Abstract Archives of the RSNA, 2014


MKS389

Reliability of sterEOS 3D Scoliosis Measurements Using a 5 Fold Reduction in Radiation

Scientific Posters

Presented on December 3, 2014
Presented as part of MKS-WEB: Musculoskeletal Wednesday Poster Discussions

Participants

Peter Newton, Abstract Co-Author: Research Grant, EOS imaging SA
Fredrick Reighard, Abstract Co-Author: Institutional Research Grant, EOS imaging SA
Quinn Colin Meisinger MD, Presenter: Nothing to Disclose
Carrie Bartley MA, Abstract Co-Author: Institutional Research Grant, EOS imaging SA
Tracey Bastrom, Abstract Co-Author: Institutional Research Grant, EOS imaging SA
Burt Yaszay, Abstract Co-Author: Institutional Research Grant, EOS imaging SA

PURPOSE

To evaluate the reliability of 3D spinal reconstructions from EOS x-rays utilizing a 5-fold reduction in radiation dosage compared to standard EOS images utilized for evaluating patients with adolescent idiopathic scoliosis (AIS).   

METHOD AND MATERIALS

After IRB approval, 30 AIS patients (20 non-op, 10 post-op) who received “standard”, biplanar, anteroposterior and lateral spine x-rays in our EOS imaging unit (~ 0.31mGy) as part of their routine care, also underwent an additional set of “microdose” EOS x-rays (~ 0.06 mGy) using a new protocol.

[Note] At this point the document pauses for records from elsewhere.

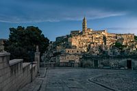 Deze fascinerende foto toont de iconische Sassi di Matera bij zonsondergang, badend in het laatste gouden licht van de dag. De top van de oude stad wordt verlicht door de warme gloed en vormt een opvallend contrast met de koele, diepblauwe lucht erboven. Matera, met zijn unieke stenen woningen uitgehouwen in de kliffen, lijkt bijna tijdloos op dit moment, met het zachte licht dat de texturen en details van de oude architectuur benadrukt. De schaduwen sluipen langzaam over het lagere deel van de stad en voegen diepte en drama toe aan de scène.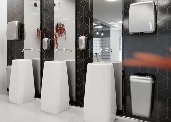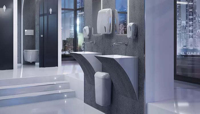 Κομψοί διανομείς χαρτιού, σαπουνιού και απορριμμάτων.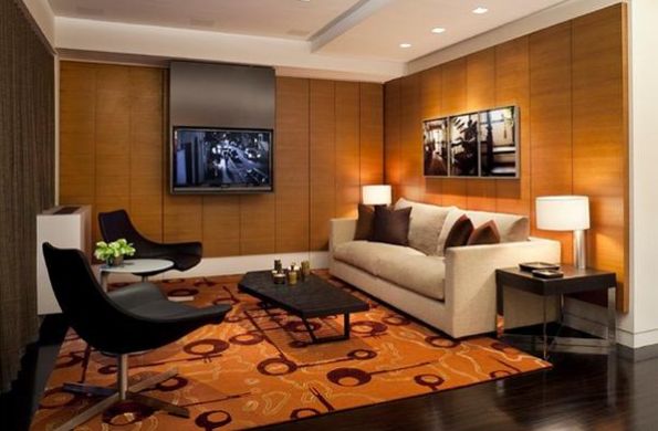 A madeira pode estar presente em sue ambiente se forma discreta, em um painel pequeno, como, por exemplo, apenas atrás de sua televisão. E este painel pode ser plano, com apenas madeira ou possuir ainda espaços em sua composição pra você acomodar uma bonita iluminação diferenciada ou ainda objetos decorativos, juntamente ou não com esta iluminação especial.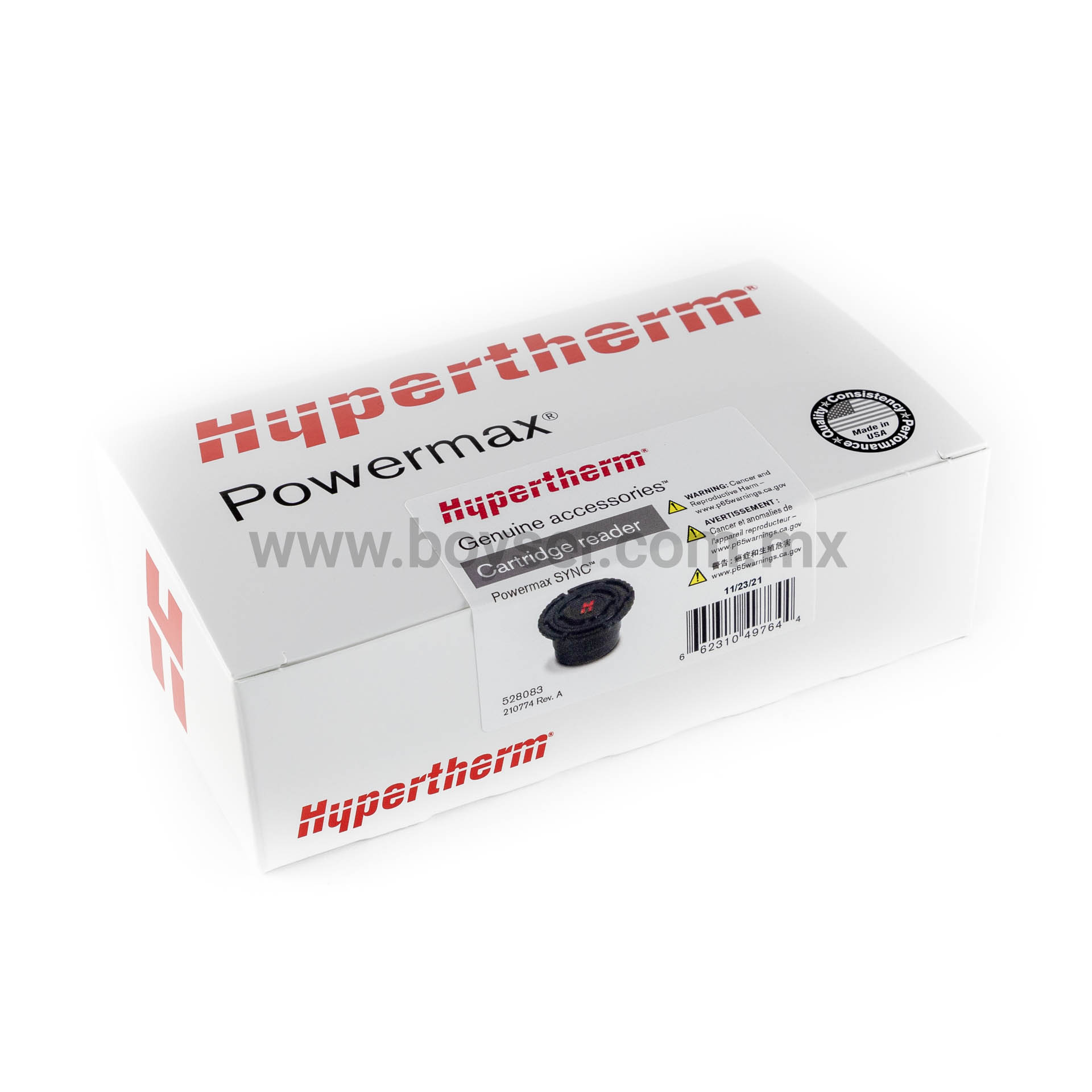 El lector de cartuchos Hypertherm funciona con la aplicación Powermax SYNC™ Cartridge Reader para ofrecer un proceso sencillo de revisión de los datos almacenados en los cartuchos Hypertherm. El lector se inserta en el cartucho y utiliza la antena de comunicación de campo cercano (NFC) de tu dispositivo móvil para transferir los datos del cartucho a la aplicación.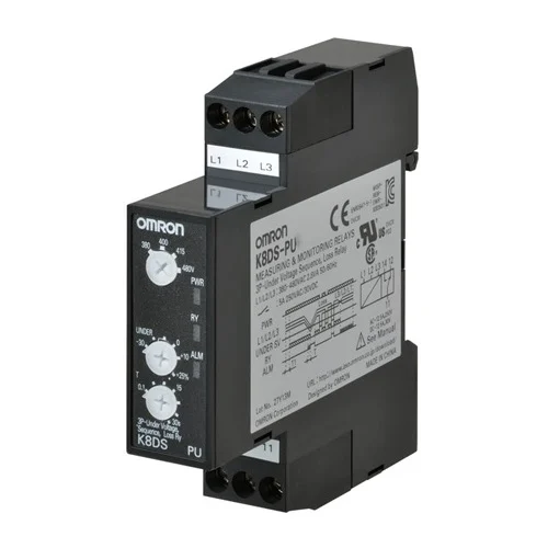 Problem SolvedOperating a 3-phase motor with a missing phase causes it to draw excessive current, while a reversed phase sequence spins equipment backward. The K8DS-PU2 mitigates both by instantly detecting the fault (< 0.1s) and tripping the motor contactor via its SPDT output.
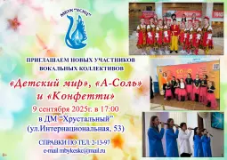 ✅ Вокальные коллективы «Детский мир», «А-Соль» и «Конфетти» (рук. М. В. Земцова, Т. Г. Сумская и Е. Н. Музюкина) - 9 сентября в 17-00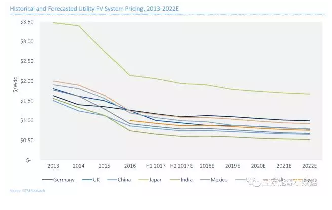 GTM Research預計,到2022年光伏系統(tǒng)價格會比目前下降27%,平均每年下降4.4%。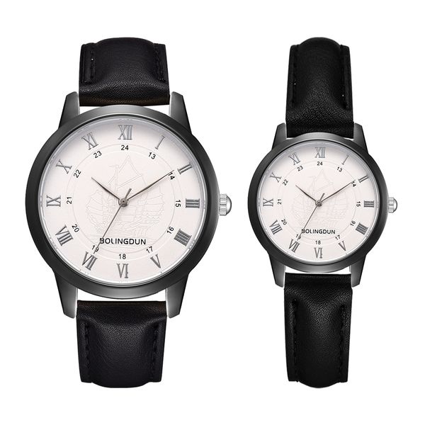 2 pcs set woman mens retro design leather band analog quartz wrist watch 2019 new arrival ladies casual bracelet couple watches, Slivery;brown

All subjects had a major Cobb angle greater than 20° (non-operative cohort) or a prior posterior spinal fusion with instrumentation (post-operative cohort). A single reviewer created full 3D reconstructions once of each set of images using sterEOS software. Coronal (Cobb angles), sagittal (T1-T12, T4-T12, L1-L5, L1-S1), and apical axial rotation measurements were obtained. Intraclass correlations (ICC) and the 95% confidence intervals for the differences between the standard and microdose EOS image measurements were compared.  

RESULTS

The average ICC was 0.95 for both the non- and post-operative groups (range 0.89-0.99). The calculated differences for all coronal and sagittal measurements were statistically similar in the non-operative group (p>0.05). In the post-operative group, all measurements were statistically similar, with the exception of T1-T12 kyphosis, which measured greater in the microdose x-rays (45° vs 42°, p=0.001). The error in measurement between standard and microdose images can be found in the Table.  

CONCLUSION

Good reliability was found between 3D measurements of the standard x-rays and the microdose x-rays in patients with idiopathic scoliosis. A small difference in measurements was observed for T1-T12 kyphosis in the post-operative group possibly suggesting slightly greater difficulty in visualizing the spine in patients after spinal fusion with instrumentation. Further study is underway with a goal of 30 subjects per group; however there is a strong suggestion that radiation exposure can be further reduced with EOS imaging in scoliosis patients. 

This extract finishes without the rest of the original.